Несколько дней он сторонился Эйба и Джастина, но они не изменили своего отношения к нему. И тогда он решил забыть о том, что родился и вырос в Шестом квартале, пусть прошлое покоится в своей гробнице.
Утром, по пути в школу, оба его приятеля обычно говорили о школьных делах, о спорте и политике. Эндрю редко вступал в разговор. Он не мог победить робости, отягощенный сознанием своей мнимой неполноценности.
— А вы знаете, — начинал, например, Джастин. — Я жалею, что я цветной.
— Чепуха! — обрывал его Эйб.
— И что родился в Южной Африке.
— О чем ты говоришь?
— Ну вы же знаете! «Только для белых», «Небелым вход запрещен» — весь этот позор.

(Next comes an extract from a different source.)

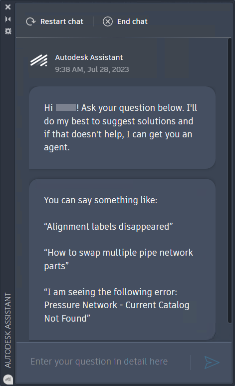 Autodesk Assistant ofrece autoservicio guiado por inteligencia artificial y opciones para ponerse en contacto con el servicio de soporte desde el producto. Busque soluciones a las preguntas sobre productos, solicite una devolución de llamada si es necesario o cree un caso de soporte.

— Цветной тот, кто считает себя цветным.
— А я разве считаю?
— Да, поскольку признаешь деление на цветных, белых, африканцев и так далее.
— Но ведь есть же различные расы. Между ними существует разница.
— Она создана искусственно.
— Тогда кто же ты такой, черт побери?
— Южноафриканец.
— Цветной южноафриканец?
— Таких зверей, как цветной южноафриканец или белый южноафриканец, на свете не водится. Есть только южноафриканцы.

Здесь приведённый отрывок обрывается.